İstikamet Gıda Çarşısı. Eksik gelen bazı elektrik malzemelerinin yanı sıra Kadir'in eşya taşırken yanlışlıkla kırdığı lamba apliğin şişesi ile giriş holündeki iki adet sarkıtma avizeyi alacağız. Devamlı yolların yönünü değiştiriyorlar. Daha önce sola döndüğümüz kavşak iptal edilince yolu epey uzattık. En sonunda elektrik malzemelerini aldığımız mağazaya ulaştık. Nurten Hanımı beklerken yeni gelen avizelere baktık. Bir müddet orada oyalandıktan sonra sipariş verdiğimiz avizelerle birlikte diğer elektrik malzemelerini alıp çıktık.

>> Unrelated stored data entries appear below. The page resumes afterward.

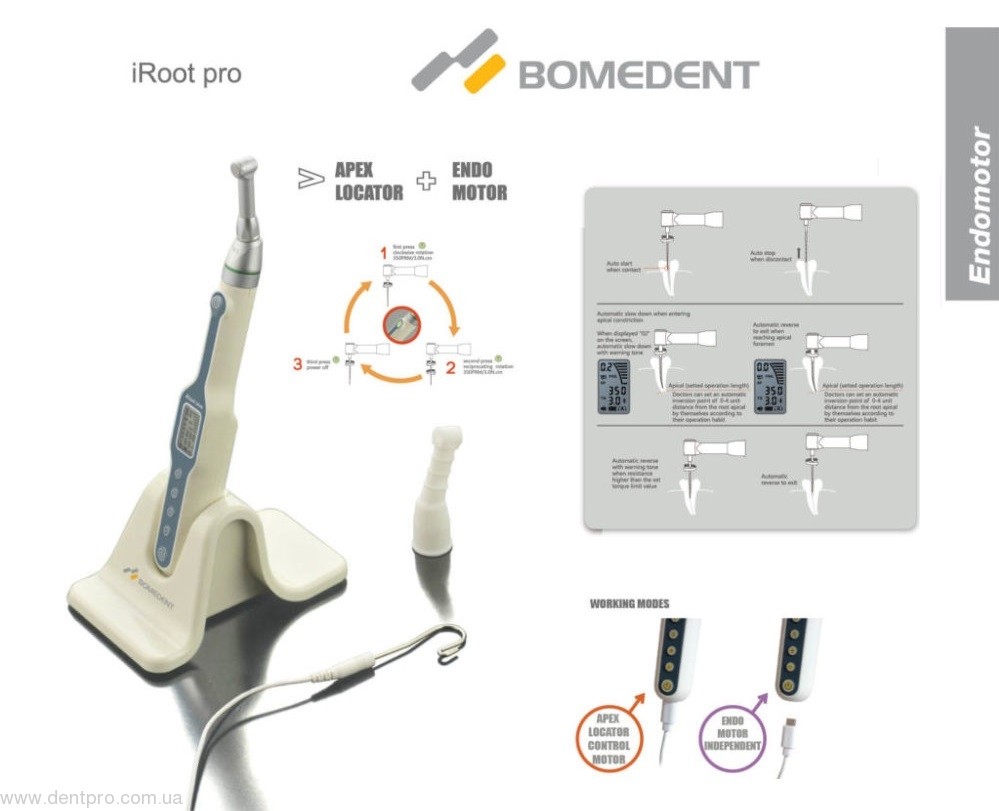 اندو موتور iRoot Pro یک دستگاه پرتابل بسیار پیشرفته جهت آماده سازی کانال در درمان اندو می باشد. این دستگاه را می توان با استفاده از کابل به اپکس فایندر (iRoot Apex) متصل و از عملکرد Auto Reverse آن در زمان افزایش فشار در کانال (بیش از میزان تورک تعیین شده) و هنگام رسیدن به اپکس دندان بهره برد.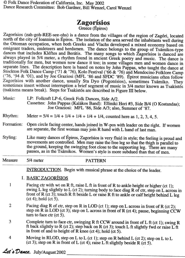 Ron Houston, in his 2007 Folk Dance Problem Solver, details the confusing history of this dance as it was presented in the USA. Early recordings in the USA (1960’s), were labeled as Sagorisios, or dances from Epirus, and were in 4/4 time, (the 5-beat dance was adjusted to fit this rhythm). Someone coined the term Zagoritikos (with a ‘k’) to denote the 5-beat dance, to avoid confusion with the 4-beat Zagorisios in use, when in fact Zagorisios is the proper Greek name for the 5-beat dance. Over time, it seems, most people, especially Greeks, agree that Zagorisios is a 5-beat dance.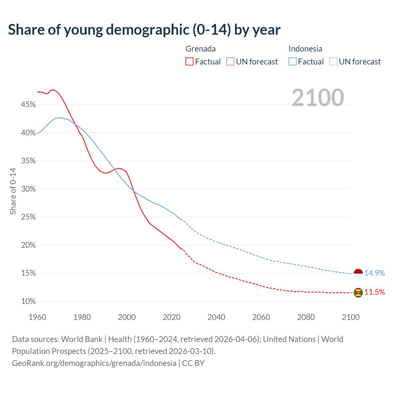- The share of young demographic (0-15 years old) in Grenada is 19.4% vs 24.6% in Indonesia.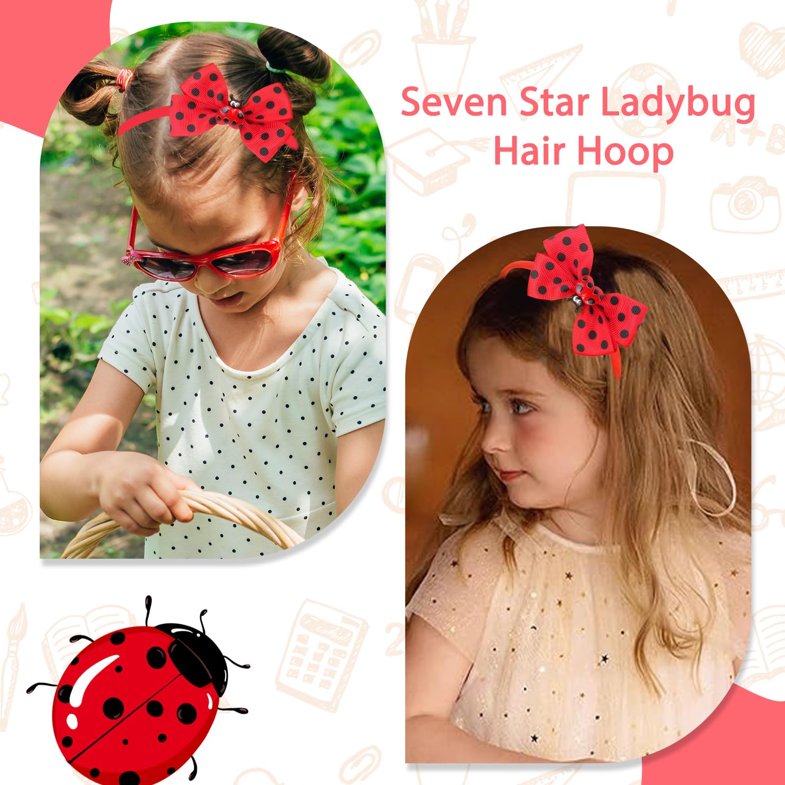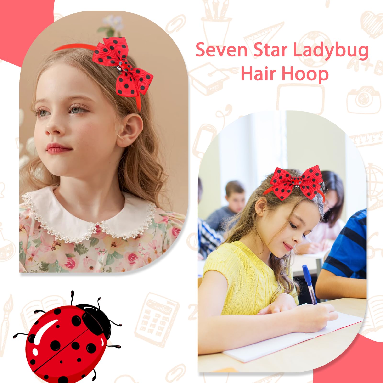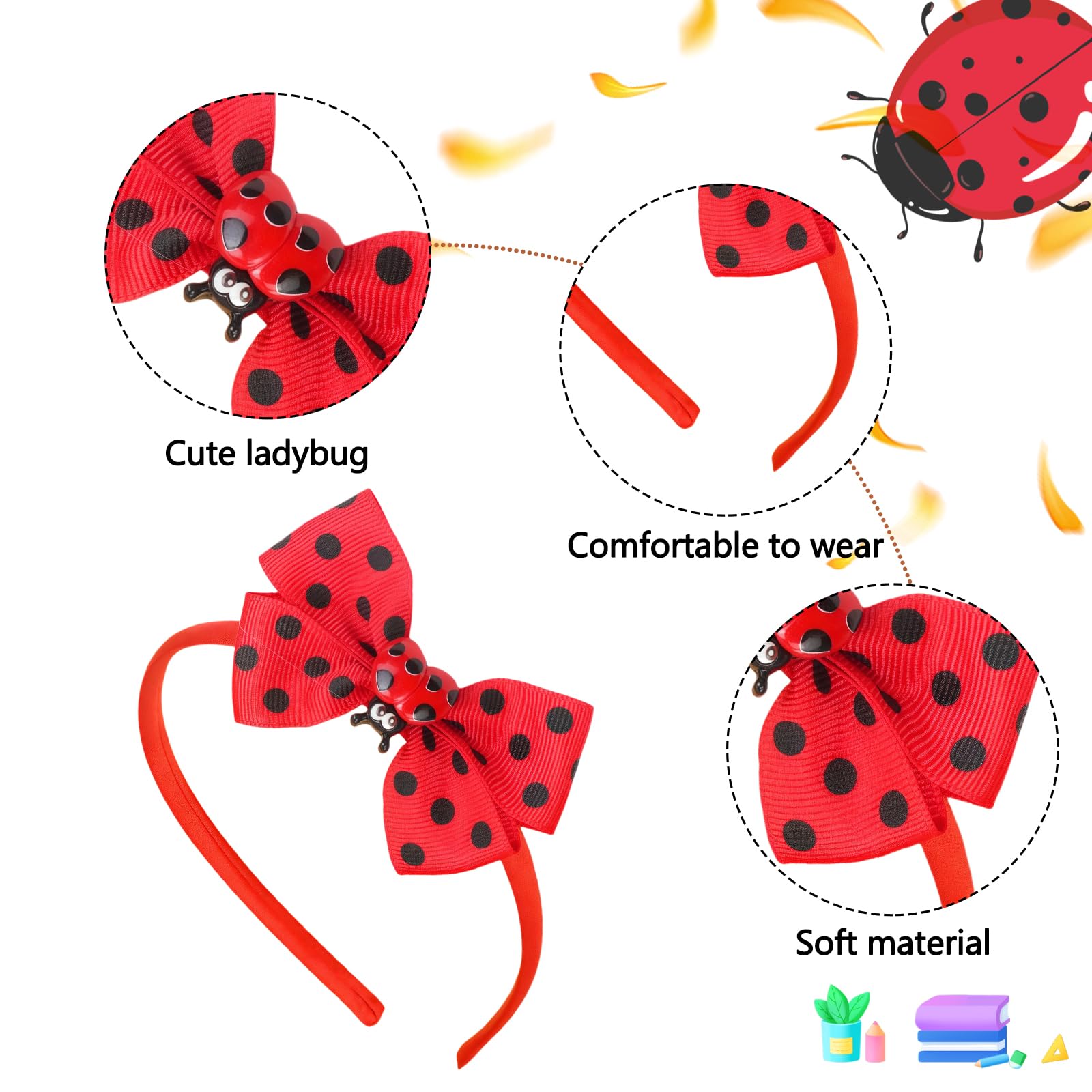 Cute Ladybug Hair Band Design: Made of fabric with alloy clips, these back to school ladybug hair accessories combine durability with a festive cheer effect. The ladybug headwear base ensure all-day comfort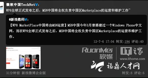 MSN中國(guó)今年3月曾搭建過一個(gè)Windows Phone中文網(wǎng),而在WP8全球正式發(fā)布之后,MSN中國(guó)將全權(quán)負(fù)責(zé)中國(guó)區(qū)Marketplace的運(yùn)營(yíng)和維護(hù)工作。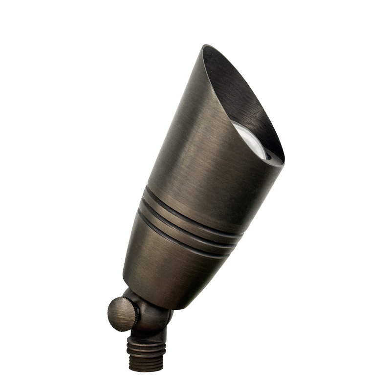 Brass is the powerful material to use in outdoor lighting fixture. Antique brass finish is nice and elegant. High tempered flat or convex glass lens can maximize the illumination for lighting trees or tall structures.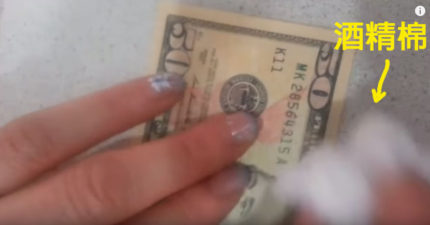 她拿酒精想要清洗這張$50鈔票,沒想到一擦下去後看到的「另一個數字」讓她當場嚇到抓狂…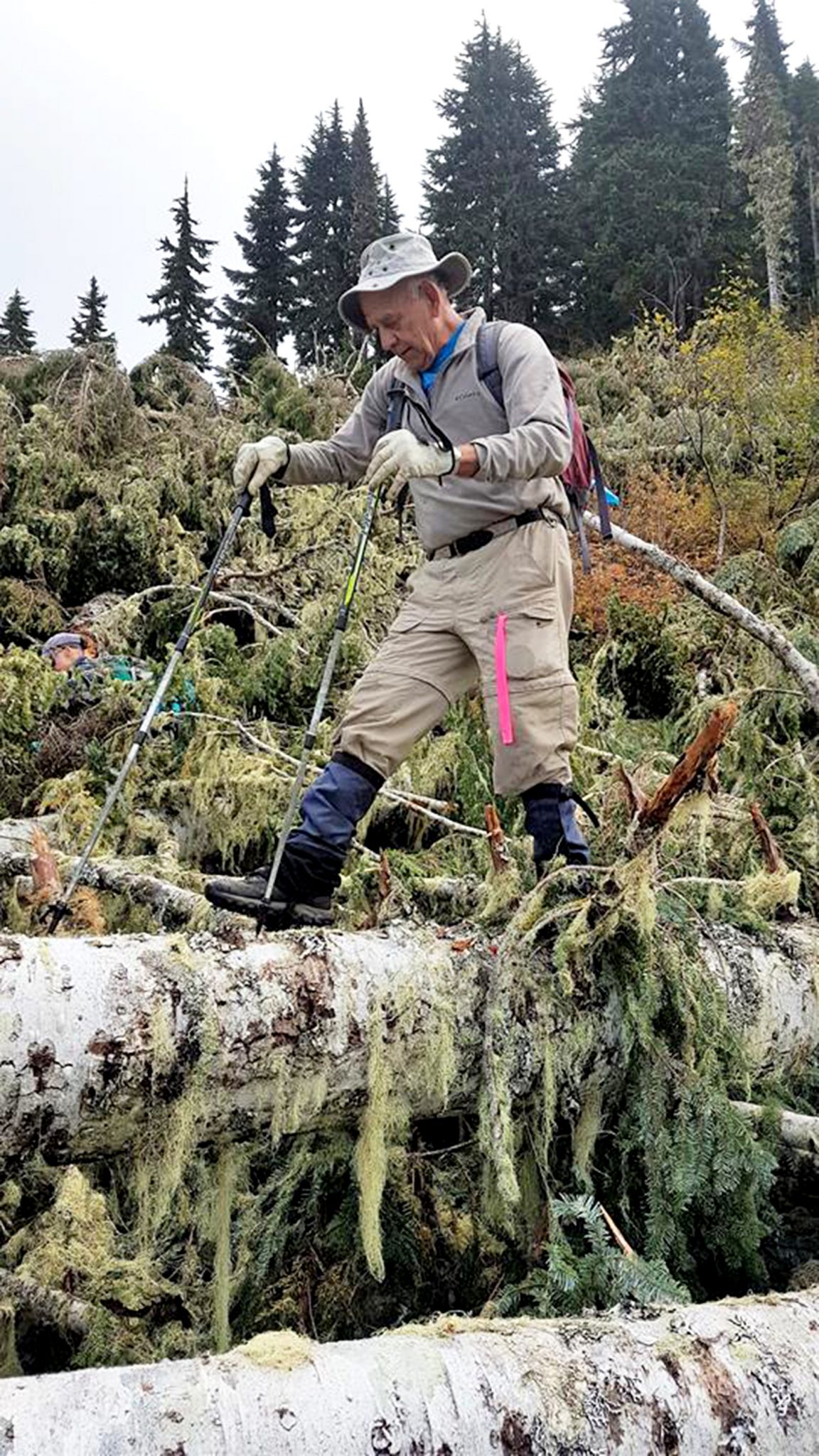 - Harry Schwartz balances on a fallen tree during a hike on Mt. McQuillan in October 2016. [Laurie Morphet photo]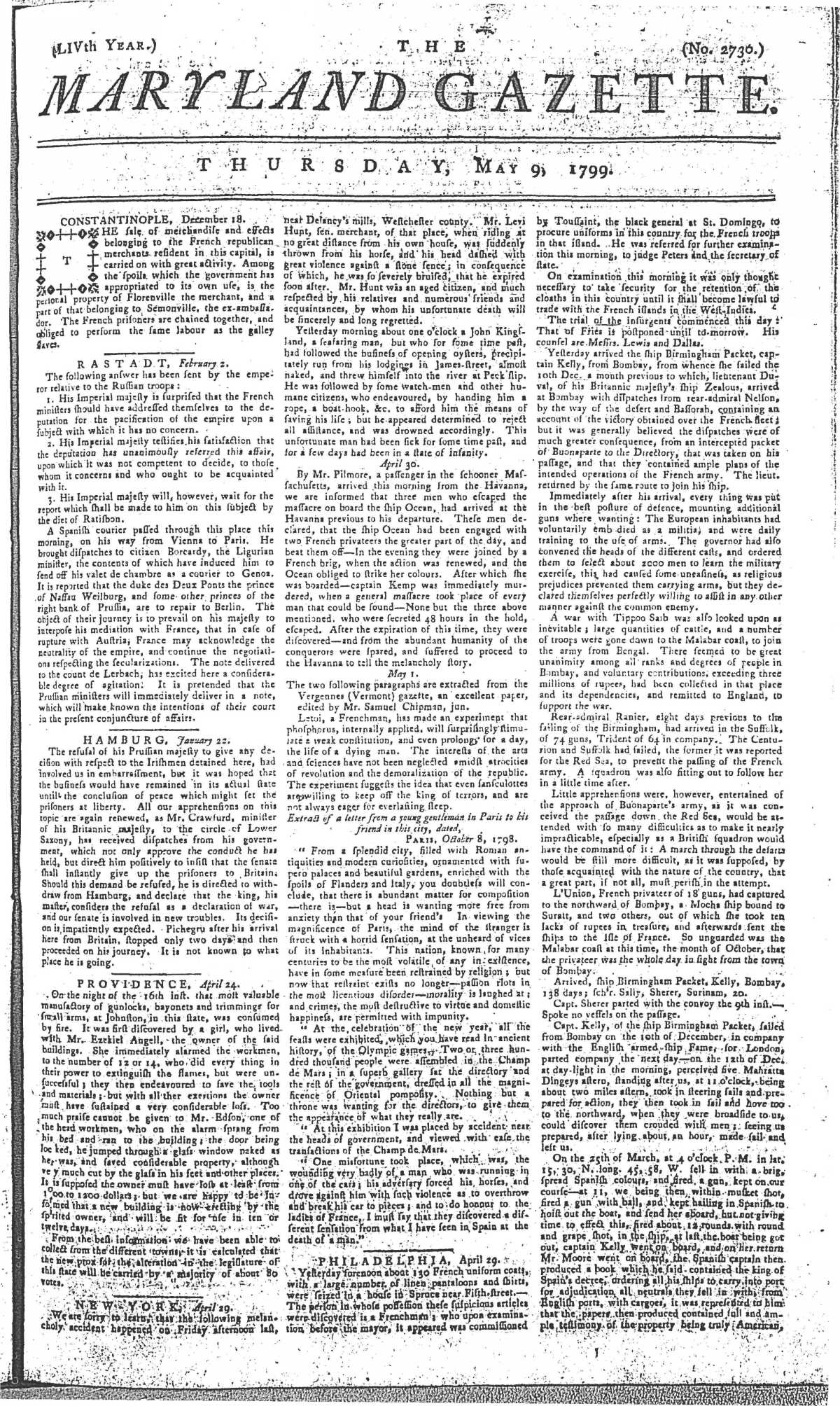 Maryland Gazette Collection MSA SC 2731 January 1, 1795 - December 29, 1803 M 1285 A Publication of the Archives of Maryland Online Image No: 948 Enlarge and print image (3M) |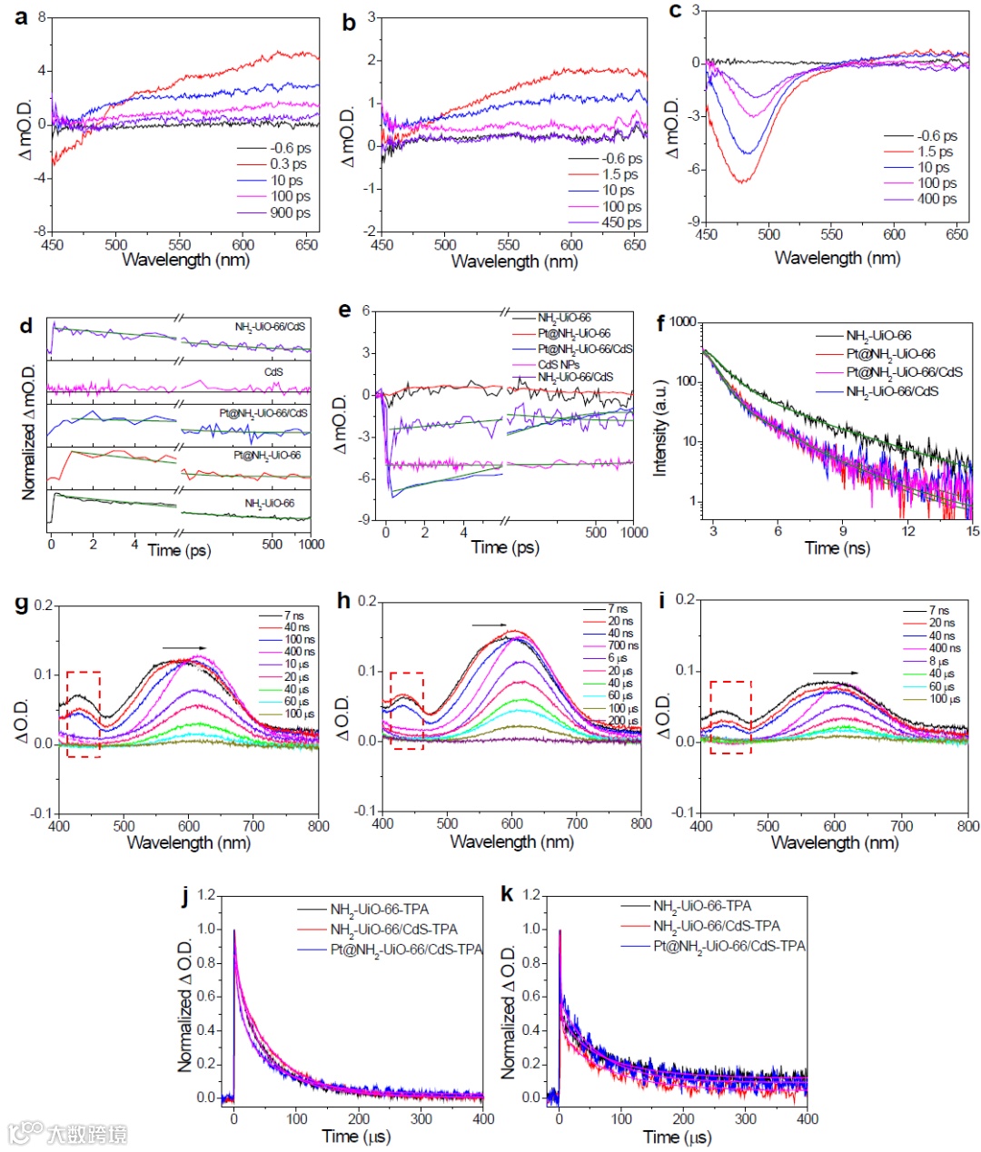 为了了解HER光催化活性中的空穴动力学,我们使用三苯胺(TPA)作为空穴指示剂,它被光生空穴氧化形成一个阳离子自由基(TPA•+)。图 3g 显示了在 TPA 存在下 355 nm 激光激发时NH2-UiO-66的微秒TAS,在600 nm处观察到的衰减信号是由于TPA•+自由基的形成,其长寿命为67.3 μs。在430 nm处的峰归因于光生空穴陷阱态,该空穴陷阱态具有较强的氧化能力。这也发生在NH2-UiO-66/CdS和Pt@NH2-UiO-66/CdS(图3h,i)中。Pt@NH2-UiO-66/CdS中 TPA•+的寿命为74.6 μs,比NH2-UiO-66和 NH2-UiO-66/CdS的寿命均要长。此外,陷阱态的在 430 nm的动力学图谱如图 3k 所示,通过介导空穴陷阱快速空穴转移的时间常数为1.16 μs。结果表明,从NH2-UiO-66中的陷阱态有效的空穴转移强烈支持高HER光催化活性。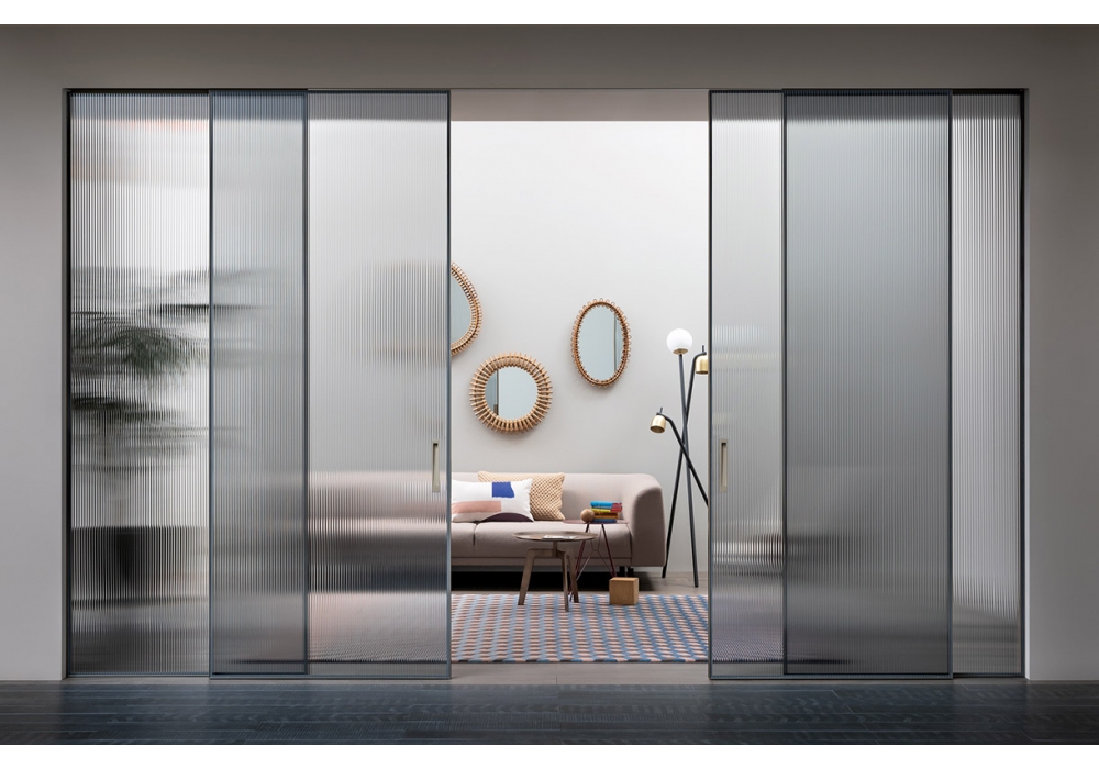 Shoin firmata e prodotta da Lualdi è una porta con un sistema di ante scorrevoli e pannelli fissi in vetro, a uno o due binari, progettato per comporre pareti. Le lastre vivono all’interno di un sottile telaio in alluminio, a filo con il vetro sulla facciata esterna della composizione. Disponibile in differenti finiture.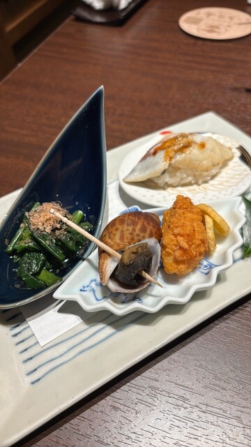 ほうれん草のお浸し・鰻の握り・梅貝の旨煮・タコの素揚げ・銀杏

Su deposundan sonra şebeke basıncını yakalamak için bir hidrofora ihtiyacımız olacaktı. Genel adıyla Gıda Çarşısı olarak anılan bölgede dalgıç pompa ve motorların satıldığı yerlere gelince fiyat araştırması yaptık önce. Daha sonra elektrikçi Ali'nin önerdiği adrese gittik. İstediğimiz özellikteki hidroforu bütün aksamıyla birlikte alıp arabaya yükledik. Oradan çıkıp geçen sefer sıhhi tesisat malzemelerini aldığımız dükkana gittik. Aşırı bir trafik yoğunluğunun yanı sıra yollar yine delik deşik bugün yine. Zaman zaman diğer araçlarla aramızda bir santim mesafe kalacak şekilde sokak aralarından geçerken kendimize zor yol bulduk. Park yeri bulmak ise neredeyse imkansız gibi bir şey. Çıkmaz bir sokağa koyduğumuz arabanın arkasına bir kamyon girmiş, mal boşaltıyor. Yarım saate yakın bize yol vermesini bekledik Mutfak ve taş evimizdeki odamız için gerekli musluk, lavabo, klozet ve diğer aksam için malzeme seçtik fiyatları belirledik. Arabanın arkasına bir de çay ocağı gireceği için seçtiğimiz sıhhi tesisat malzemelerini bir sonraki gelişimizde almaya karar verdik.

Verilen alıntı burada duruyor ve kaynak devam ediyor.